#### Hide answer & extension

Let the two digit number chosen by \(10a+b\), with \(a\) and \(b\) one digit integers. Reversed this will be \(10b+a\). The sum of these will be \(11a+11b\) which is divisible by 11.
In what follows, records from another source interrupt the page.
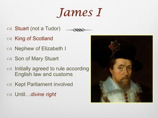 English Absolutism under James I and Charles I led to tensions with Parliament over taxation and religious policies. Charles I dissolved Parliament and attempted to rule without it, angering them. This resulted in the English Civil War between the Royalist Cavaliers and the Parliamentarian Roundheads led by Oliver Cromwell. Cromwell defeated the Cavaliers and had Charles I executed. England then became a republic under the Puritan-led Commonwealth before the monarchy was restored with Charles II, though it was now limited by the Petition of Right and Bill of Rights.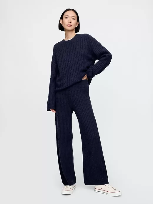 CashSoft Cable-Knit Sweater Pants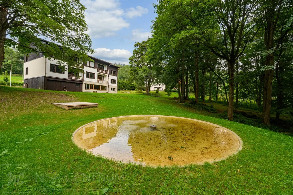 Toužíte po penzionu s výhledem do vlastního lesoparku s jezírkem? Právě pro vás máme příležitost ke koupi částečně zrekonstruovaného rekreačního areálu se dvěma domy a pozemky o rozloze 12 508 m².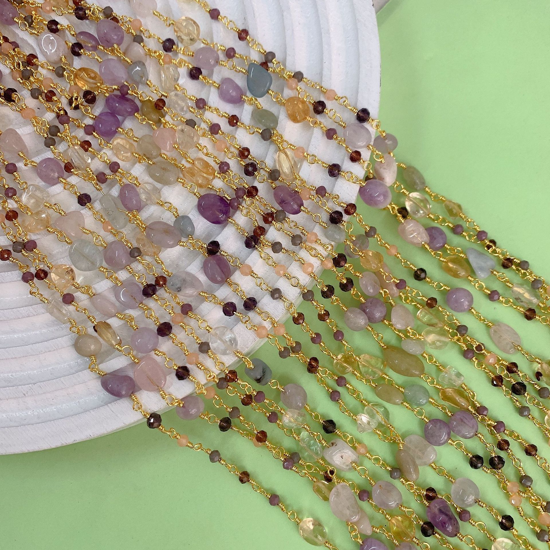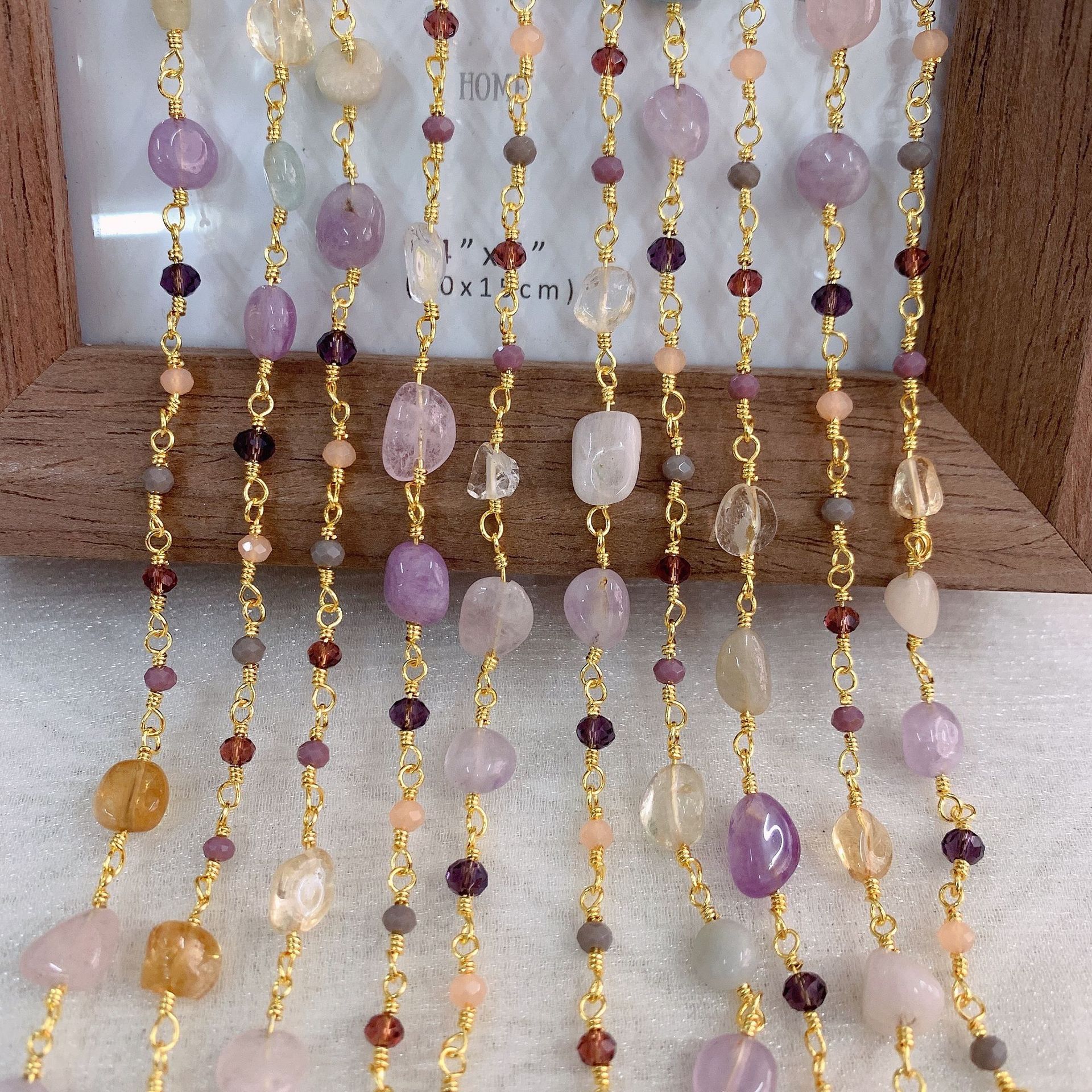 Edelstein Perlen Kette, Messing, mit Amethyst, goldfarben plattiert, DIY, 10PCs/Tasche, verkauft von Tasche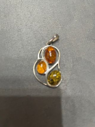 Bonito colgante con un diseño moderno y elegante, adornado con tres piedras semipreciosas de ámbar en diferentes tonos. - Elaborado en plata. - Tres piedras de ámbar. - Diseño único. - Comprado en una feria de Geología.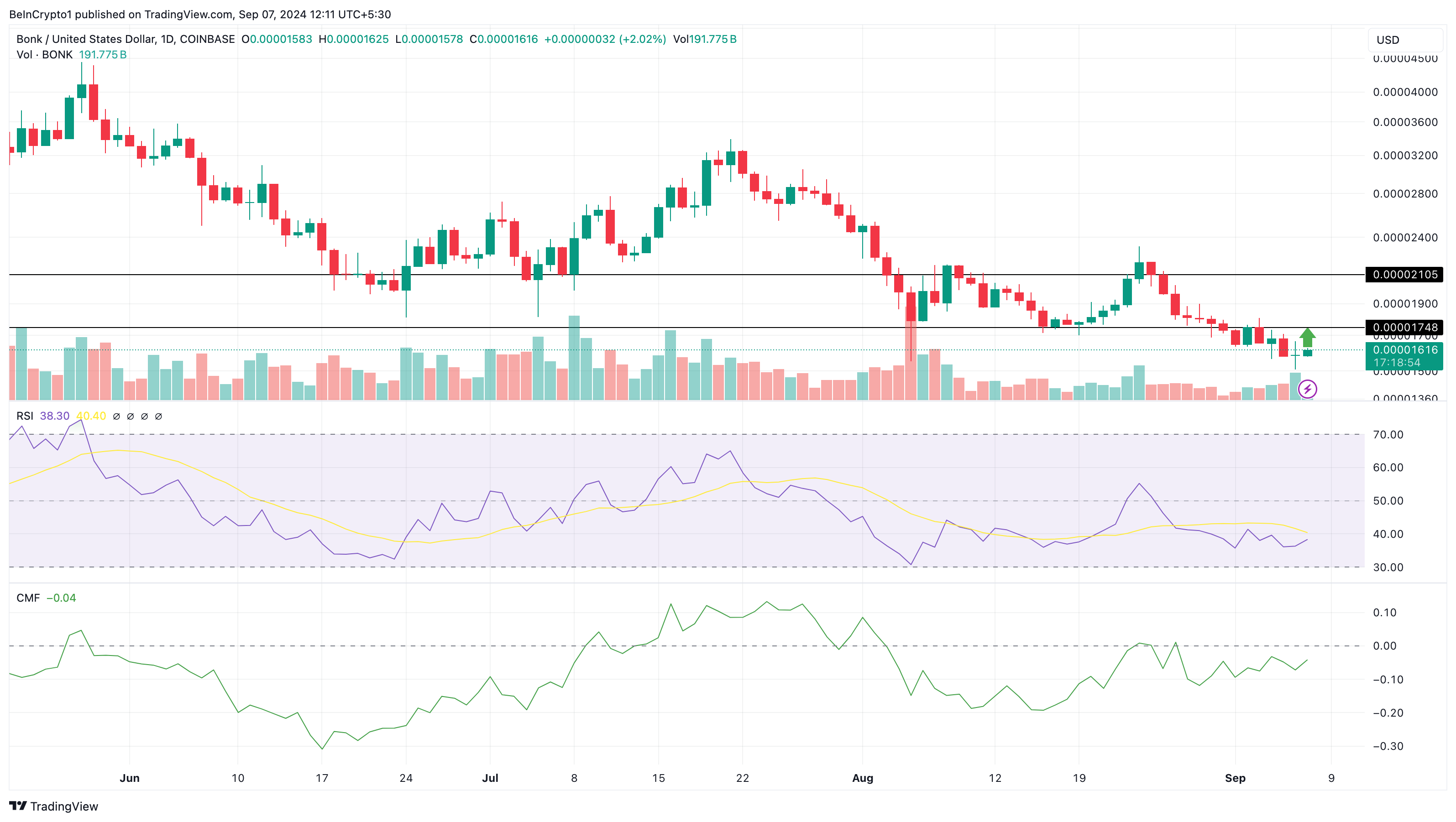 När den används tillsammans med andra indikatorer hjälper CMF till att avgöra om en kryptovaluta sannolikt kommer att gå in i en upp- eller nedtrend. I BONKs fall kan priset röra sig högre om CMF så småningom korsar över den neutrala linjen. Om detta inträffar kan mememyntet testa stödet vid 0,000017 USD och potentiellt nå 0,000020 USD.

This will work for any integer with an even number of digits. Let our number have \(2n\) digits. It can be written as:

$$\sum_{i=1}^{2n}10^{i-1} a_i $$

Adding it to its reverse, we get:

$$\sum_{i=1}^{2n}10^{i-1} a_i + \sum_{i=1}^{2n}10^{2n-i} a_i = \sum_{i=1}^{2n}(10^{i-1}+10^{2n-i}) a_i $$

\(10^{i-1}+10^{2n-i}\) is divisible by 11 (for \(n \in \mathbb{N}\), \(i \in \mathbb{N}\), \(i\leq 2n\)). This can be shown by induction on \(n\):

If \(n=1\): \(10^{i-1}+10^{2n-i} = 10^{i-1}+10^{2-i}=11\), which is clearly divisible by 11.

Suppose result is true for \(n-1\). Now consider \(10^{i-1}+10^{2n-i}\).

If \(i>1\), then \(10^{i-1}+10^{2n-i}= 10(10^{(i-1)-1}+10^{(2n-2)-(i-1)}\) which is divisible by 11 by the inductive hypothesis.

If \(i=1\), then:

$$10^{i-1}+10^{2n-i} = 1+10^{2n-1} = \sum_{j=1}^{j=2n-2}9\times 10^j +11$$
$$=\sum_{j=1}^{j=n-1}99\times 10^{2j} +11$$
$$=11\left(\sum_{j=1}^{j=n-1}9\times 10^{2j} +1\right)$$

#### Extension

Which numbers with an odd number of digits will be divisible by 11 when added to their reverse?